The Real ‘Kalifornia’ Got Lost in the Filmmaking Journey
As the credited screenwriter for the film “Kalifornia,” I feel compelled to answer Kenneth Turan’s question in his review as to why the picture exists, “messing up (his) otherwise nice day” (“ ‘Kalifornia’: A Violent Journey in Bad Company,” Calendar, Sept. 3).
Maybe in the process a little light might be shed on how long it can take scripts to get made, how they get changed by various production executives and actors, and how then the Writers Guild valiantly tries to decide who’s ultimately responsible for what.
Contrary to Turan’s guess, the script wasn’t written because I didn’t want to be “pigeonholed as a co-author of ‘Revenge of the Nerds’ "--I made my peace with God over that one a decade ago. Rather, it was written (with Stephen Levy back in 1987 and called “ C alifornia”) for a few other simple reasons: to scare an audience, to comment on our national obsession with “true crime” stories, and to punish myself for my morbid preoccupation with the subject of murder and murderers. What better way than to create a character who thinks he’s an expert on killers, than to plant a homicidal ex-con in the back seat of his car on an extended road trip and see how inordinately long it takes him to figure it out?
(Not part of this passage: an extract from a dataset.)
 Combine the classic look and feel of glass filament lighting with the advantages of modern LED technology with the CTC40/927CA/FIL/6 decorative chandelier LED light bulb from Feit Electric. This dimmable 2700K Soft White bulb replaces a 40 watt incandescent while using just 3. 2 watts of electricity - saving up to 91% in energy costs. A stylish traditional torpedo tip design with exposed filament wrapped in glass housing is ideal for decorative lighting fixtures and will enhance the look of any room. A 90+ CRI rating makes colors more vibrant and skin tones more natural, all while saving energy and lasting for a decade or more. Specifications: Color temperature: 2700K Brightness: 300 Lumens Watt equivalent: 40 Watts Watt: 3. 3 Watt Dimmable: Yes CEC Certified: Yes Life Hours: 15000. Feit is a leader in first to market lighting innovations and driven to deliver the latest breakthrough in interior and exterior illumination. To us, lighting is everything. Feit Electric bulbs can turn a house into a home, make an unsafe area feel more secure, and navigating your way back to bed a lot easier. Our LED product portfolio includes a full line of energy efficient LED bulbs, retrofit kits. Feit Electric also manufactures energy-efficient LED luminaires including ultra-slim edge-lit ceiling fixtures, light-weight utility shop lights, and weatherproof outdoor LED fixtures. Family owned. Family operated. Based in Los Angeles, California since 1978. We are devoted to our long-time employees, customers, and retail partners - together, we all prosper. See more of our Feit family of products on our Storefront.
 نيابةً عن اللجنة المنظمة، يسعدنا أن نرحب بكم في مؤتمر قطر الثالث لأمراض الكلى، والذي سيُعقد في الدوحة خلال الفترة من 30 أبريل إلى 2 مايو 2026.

In other words, the picture as originally written was meant to be black comedy.
What a screenwriter intends, though, and what winds up on the screen are often two different things. In the case of “Kalifornia,” a simplistic, cliched voice-over narration was written by the director and a couple of his minions after the meaning of the film proved impenetrable to test audiences. It is this narration (and another scene added by the director) that Turan quotes as so offensive. I was offended, too, and never having been a good soldier when it comes to these things, would rather not take the blame.
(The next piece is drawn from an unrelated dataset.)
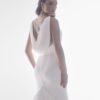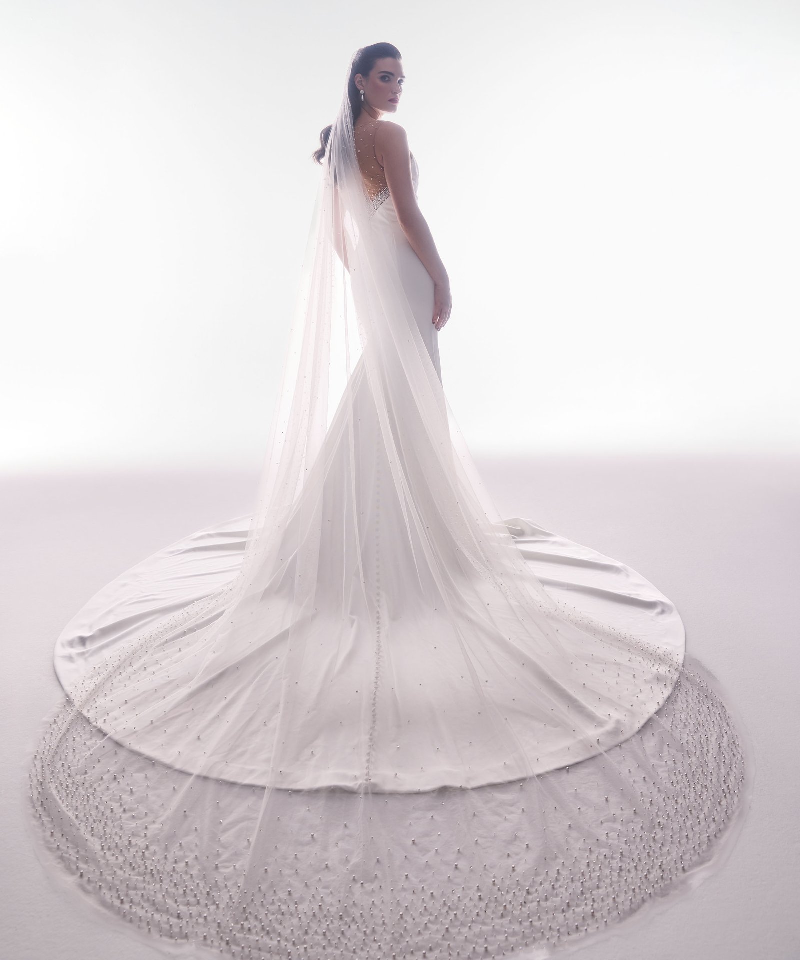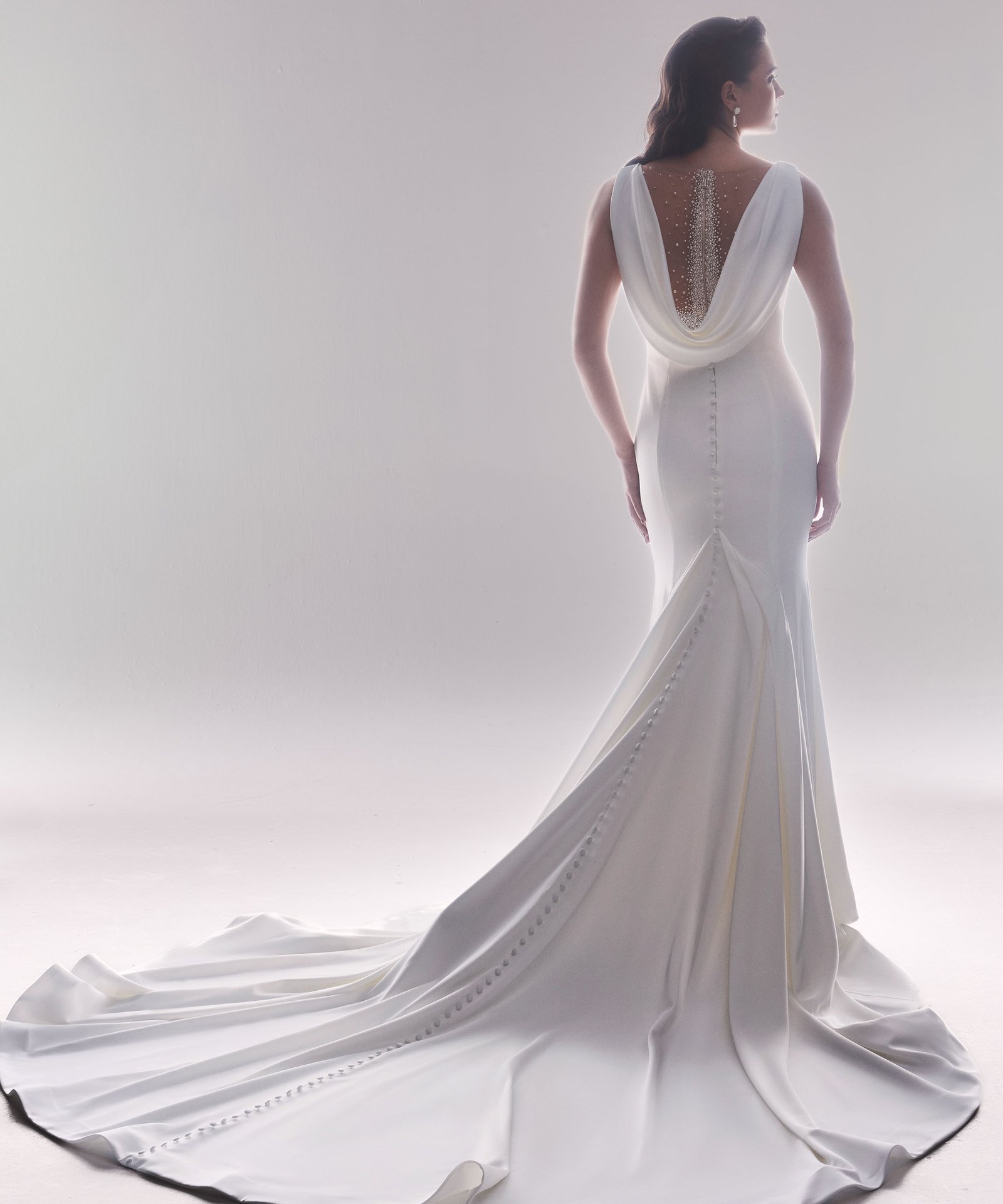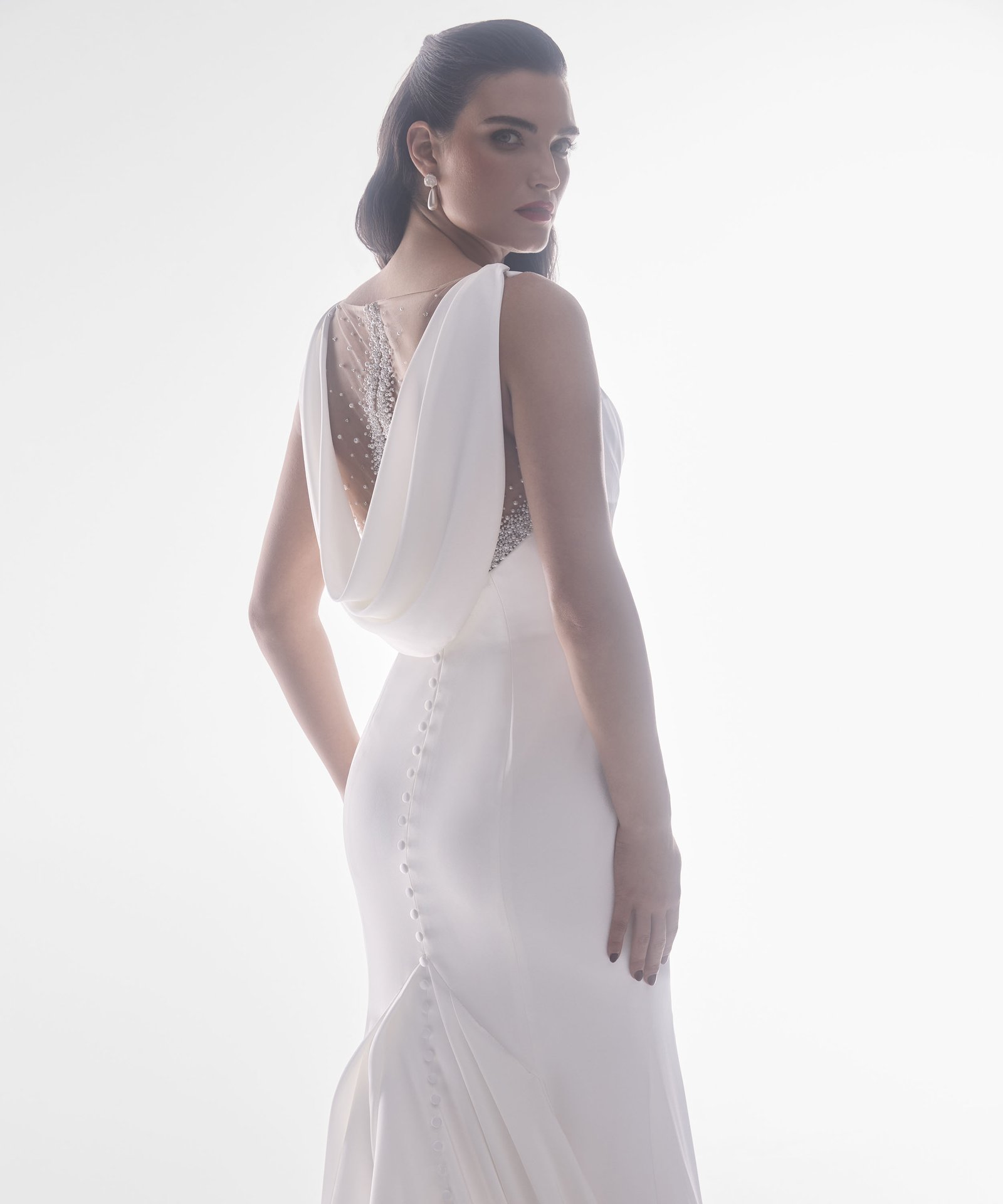 Italian silk crepe fit and flare gown with bateau neckline and draped bodice. Hand beaded pearl back detail on top of shear italian invtulle. Detachable draped open back shawl.

The choice was also made to feature bizarre violence over more subtle expressions of character and suspense, perhaps because first-time directors often feel that such grotesqueries are the surest way that critics and audiences will sit up and take notice of them.
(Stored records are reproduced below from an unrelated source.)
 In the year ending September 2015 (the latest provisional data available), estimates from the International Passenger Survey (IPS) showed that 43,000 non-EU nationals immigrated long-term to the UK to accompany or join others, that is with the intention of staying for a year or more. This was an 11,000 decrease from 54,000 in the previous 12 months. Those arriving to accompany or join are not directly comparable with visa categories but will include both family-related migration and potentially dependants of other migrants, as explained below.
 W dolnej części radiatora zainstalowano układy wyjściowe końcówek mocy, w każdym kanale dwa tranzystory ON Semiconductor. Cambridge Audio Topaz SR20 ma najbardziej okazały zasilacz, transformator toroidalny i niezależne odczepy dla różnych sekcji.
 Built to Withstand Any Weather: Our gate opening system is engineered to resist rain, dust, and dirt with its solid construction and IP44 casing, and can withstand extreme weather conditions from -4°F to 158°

The fact is directors good or bad must take a screenplay and somehow make it their own, or else their egos go a little haywire. Experienced writers know that’s just the way it is: They can’t command their sets, make thousands of decisions a day and fight the executives at the studio (and look over their shoulders for that disgruntled screenwriter coming at them with a butcher knife) without having an outsized auteurist ego that can’t resist making changes in other people’s scripts. It’s the reason why most writers are all so anxious to become directors themselves--and then, as many of us fantasize, we’ll no longer have to write those pesky original screenplays.
Add into the mix the usual budgetary cuts that cost films those quirky little scenes of character and texture, and finally the improvisations actors need to do in order to find their characters (for instance, perhaps 30% of Juliette Lewis’ amazing performance was there in the script, the other 70% coming from her, and to his credit, from the director who gave her the necessary freedom to create) and you have a 1987 “ C alifornia” on paper becoming a 1993 “Kalifornia” on film.
And inevitably, at the end of the line, you have a Writers Guild arbitration over the final credit.
When a production executive on a picture files for a writing credit (in this case three of them did--the director, a producer and a co-producer, working as a tag-team), there is an automatic arbitration by the guild whether the original writer protests the executives’ claim or not.
The Guild Credits Manual states in so many words that it is not enough for the executives to cut and paste scenes, whimsically rewrite dialogue, add explanatory narrations for Nintendo-addled teen-agers and to tack on nonsensical tag endings in order to receive screen credit. Instead, they must contribute at least 60% original material to the script in the form of new characters, new plot points and new structure, which a panel of three anonymous guild members ruled these executives did not do. Such decisions come from three anonymous writers who were in all likelihood predisposed to frown upon producers and directors claiming writing credits in the first place. That, and the 60% figure, might not always be fair (the procedures for credit determination are currently under review by the guild), but it’s one area in the business where writers exert some real power. We’re not likely to be giving it up any time soon.
The execs did contribute more than enough, though, for me as the writer of the picture to feel estranged from the final product. It’s not the movie I wanted to make, but I didn’t produce or direct it, so I’ve had to let it go.
I will say this about “Kalifornia”: It’s an alternately awkward and brilliant movie that’s meant to and does disturb an audience. If you like being disturbed by movies (I do, some don’t), you should ignore Turan’s pan and go see it, give it a chance.
It’s already won several international festival awards and, even more significantly, been sanctified by the great gods Siskel and Ebert with their two upturned thumbs. At least to my folks back in Ohio, I’ve finally arrived. In C alifornia.